WHAT THE TASK REQUIRES:
Please copy the lines below, exactly as they are, from the one with "وبعد قرار تأجيل" through the one with "Brigitte Bardot ve", and leave out the pictures.

#### RECORDS TO PROCESS ####

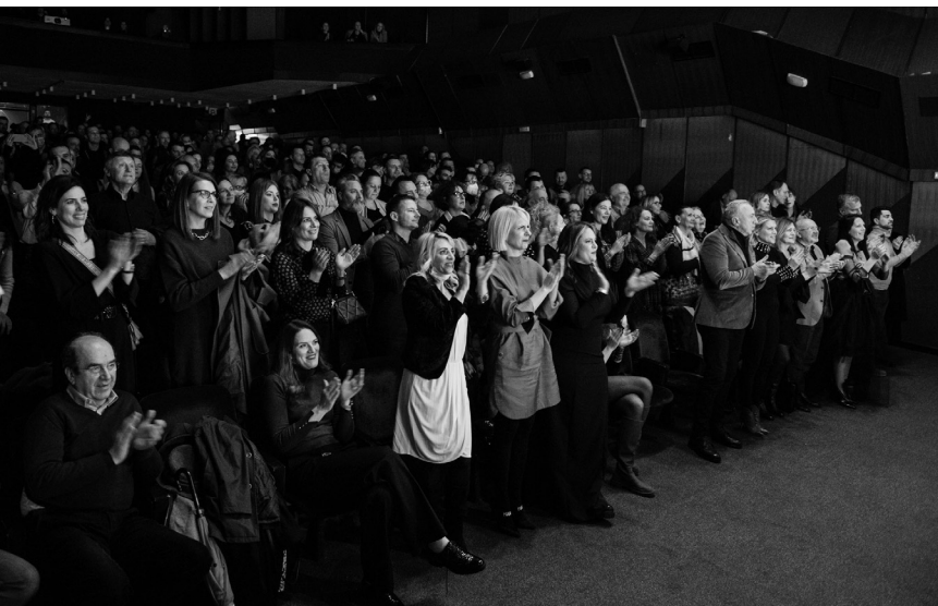
Публика на премијери

овој представи је да једна позоришна трупа долази да игра „Укроћену горопад“. У основи је прича о позоришној визији и гдје се налази реалност, да ли је на сцени или у публици, што одражава велику Шекспирову тему о сну и реалности. ... Метатеатралност код Шекспира је један од основних принципа и ви никада не можете бити тотално у театру и када
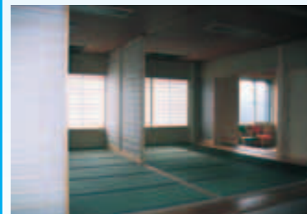
▲ゆったりとくつろげる日本間(利用者の動線を考慮して、すぐ隣に浴室を配置)
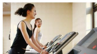
健身房 / 韻律教室
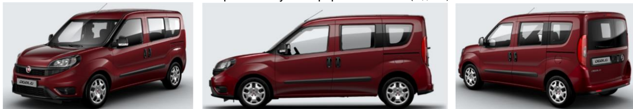
Забарвлення кузова фарбою металік (код 448)
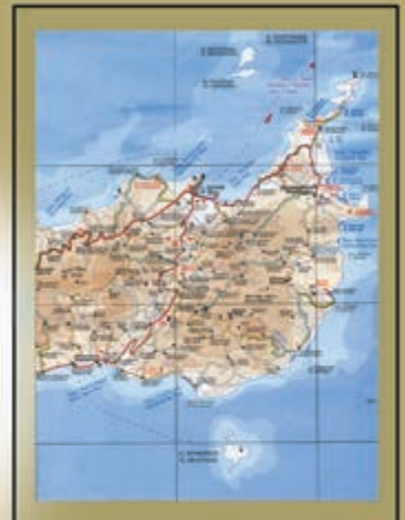
Χάρτης του Κουφονησίου του Δήμου Λεύκης. Και δίπλα τμήμα της ανατολικής Κρήτης από τον χάρτη "Κρήτη" των Road Editions
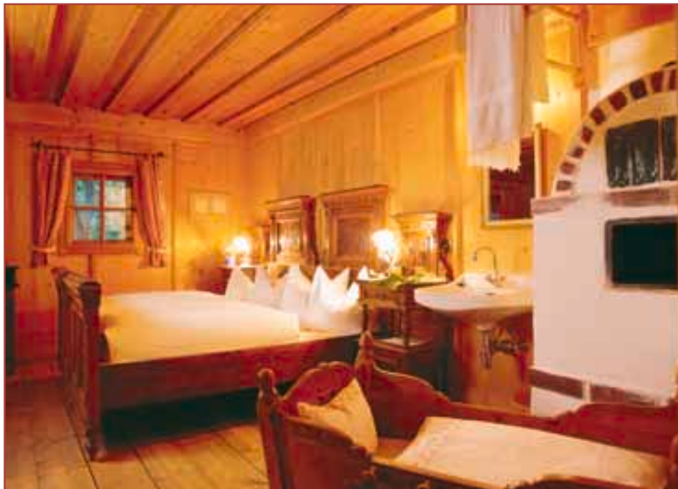
Pinzgauer Bauernromantik vermitteln die zauberhaften Zimmer mit ihrem antiken Mobiliar.
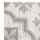
AD/B395/TU6001 Колор Вуд серый 13x13 Color Wood grey
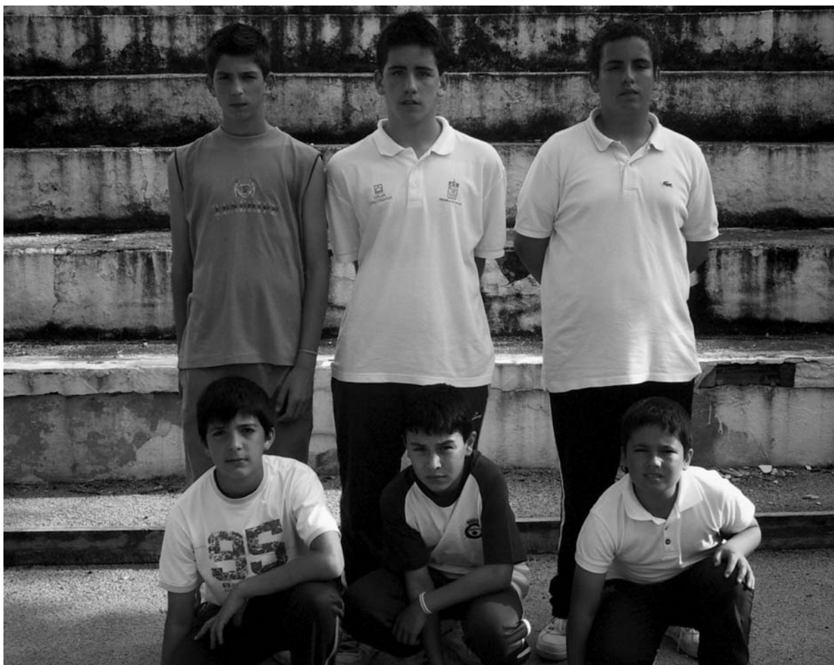
E.B Infantil Val de San Vicente
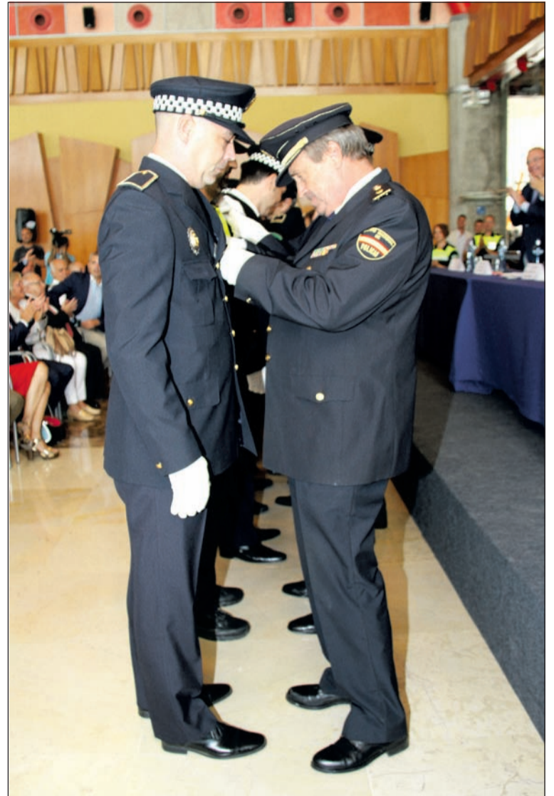
Acto de distinciones a miembros de la Policía Local.
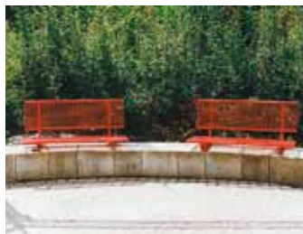
Bankauflage mit Lehne banc avec dossier
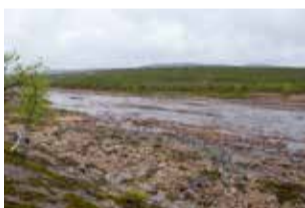
Uutisissa kertoivat, että Ke-von reitit suljettu, mm. tulvivien jokien takia. Ihmettelin tätä uutista. Kuvassa Nilijoki, jonka pääsi kuivin jaloin ylittämään.
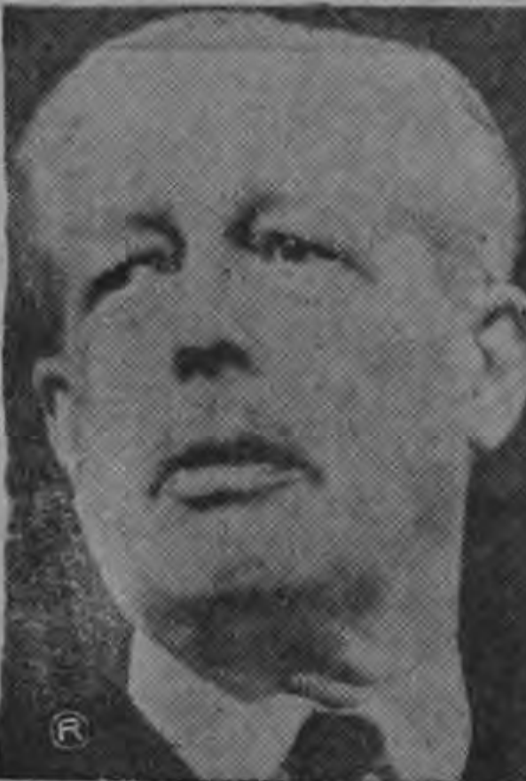
MACMILLAN ...parte de las conversaciones...
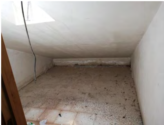
Interno locale di sgombero (sub. 14)

I beni immobili, individuati nella presente relazione come lotto di vendita n. 4, sono due locali di sgombero ubicati nel piano sottotetto di un edificio sito a Centuripe in via Pistoia n. 20.
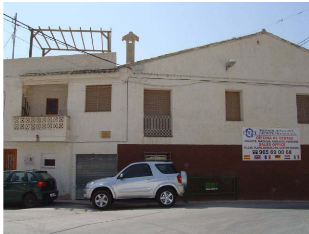
Foto 2. Neocolonización del espacio de calidad: 4 x 4 e inmobiliarias.

luta; por ello, aunque estratégicamente no abandonemos del todo el turismo como forma de desarrollo, la apuesta se encuentra en el sector industrial y en la construcción del nuevo polígono”. La construcción, formada por pequeñas empresas dedicadas a la albañilería de pequeña escala (reformas y rehabilitaciones), es una realidad que tiene su manifestación simbólica en la creciente presencia de nuevos usos urbanos, inmobiliarias y promociones de viviendas como se recoge en las siguientes ilustraciones.
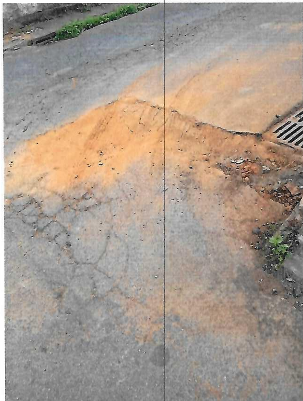
064-Tapa buraco rua Amramndo Batista
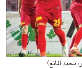
لاعبو ضمك يحتفلون بتفوقهم على الأهلي أمس

وبعد قرار تأجيل المباريات المقررة في مارس (آذار) وإقامتها بنظام البطولة المجمععة، يلعب المنتخب الإماراتي أمام ماليزيا 3 يونيو، وتايلاند 7 يونيو، على
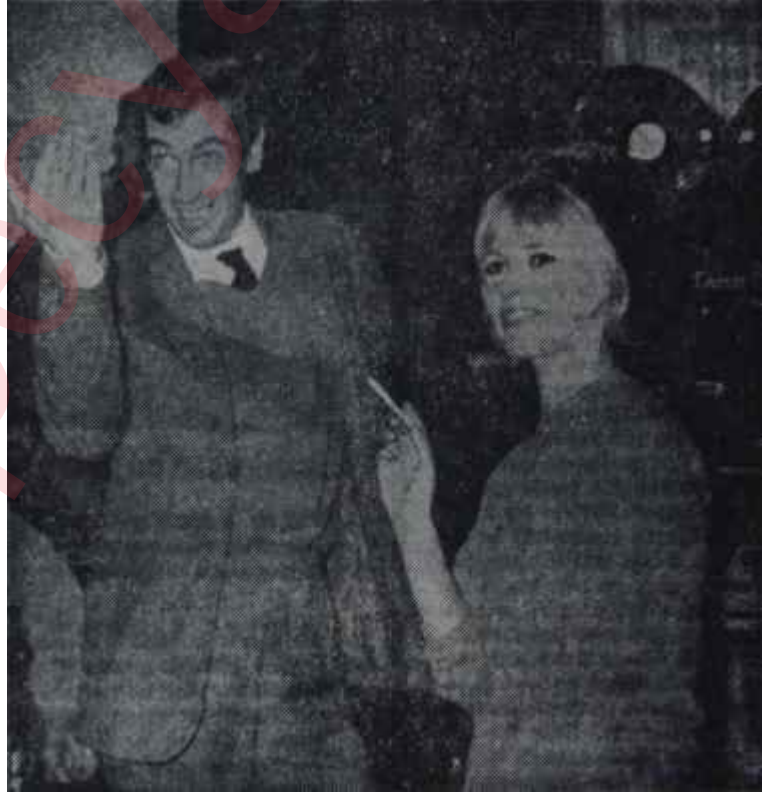
Brigitte Bardot ve rejisör Roger Vadim Yaratan ve yaratılan

Lara'nın bu Sinemo'nun hikâyesini anlattığı eski ve gelenekçi bir sinema diliyledir. Tabii, sıkıcı değildir. Yalnız, kendisinden daha başlangıçta herhangi bir yenilik beklenmemelidir. Elinde iki iyi oyuncu ile Jean Gabin ve Edwige Feullere oyun yönünden sonuca iyinin üstünde varabilen rejisörün tek aksaması Bardot iledir ki, Gabin gibi usta ve yıllanmış bir oyuncu karşısında Bardot gibi de star sisteminin yarattığı yapma bir oyuncunun mağlûbiyete uğramasını da artık normal karşılamak gerekir.
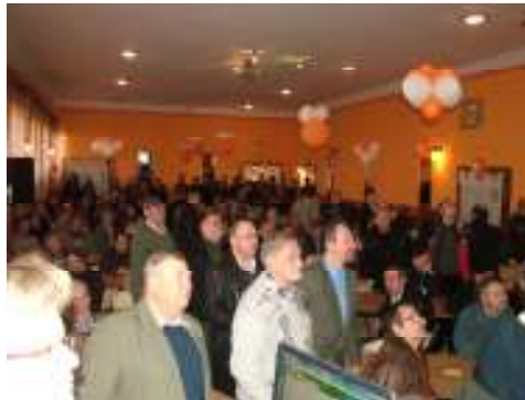
Az Ultibajnokság nevezői
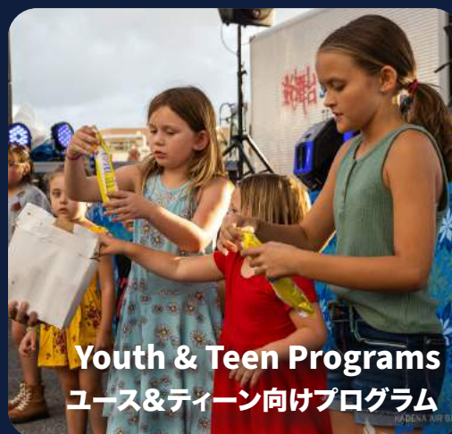
Youth & Teen Programs ユース&ティーン向けプログラム
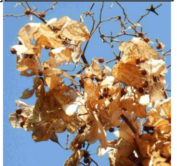
1/2(旧 11/21)筑紫野市武蔵 アオギリ 葉の様な心皮という種 の入物。舟形の縁に数個の種。 風で遠くに行くはずがまだ枝に・
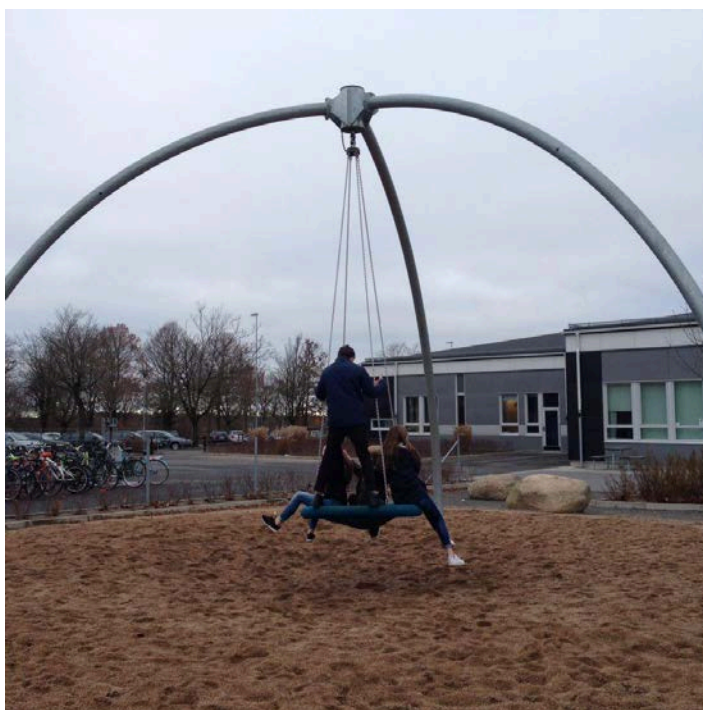
Bild 1. Kompisgungan som är mycket populär på skolan.

Skolgården används för olika sportrelaterade aktiviteter då sport beskrivs som en nödvändighet på en skolgård. Även de elever som inte spelar någon speciell sport under
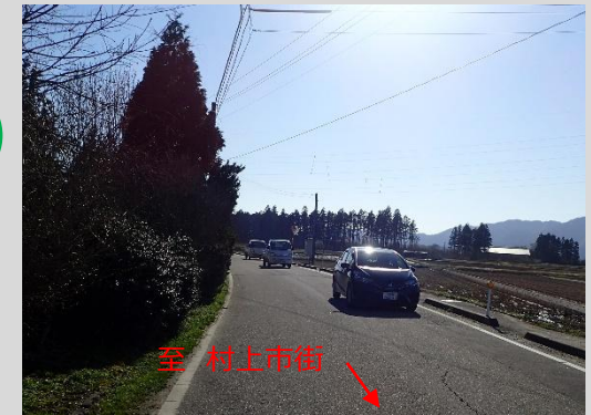
村上方面から鶴岡方面の現道
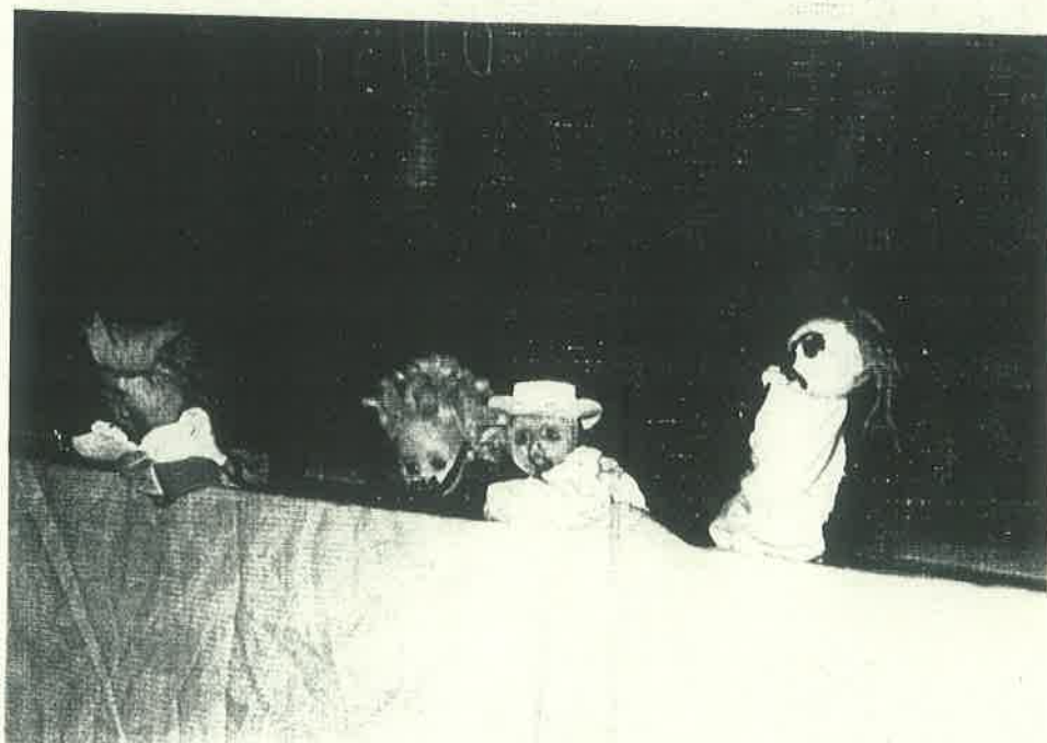
Figura No 4

Teatro de títeres relativo a la repartición de tierras

####

TASK ANSWER:
وبعد قرار تأجيل المباريات المقررة في مارس (آذار) وإقامتها بنظام البطولة المجمععة، يلعب المنتخب الإماراتي أمام ماليزيا 3 يونيو، وتايلاند 7 يونيو، على
Brigitte Bardot ve rejisör Roger Vadim Yaratan ve yaratılan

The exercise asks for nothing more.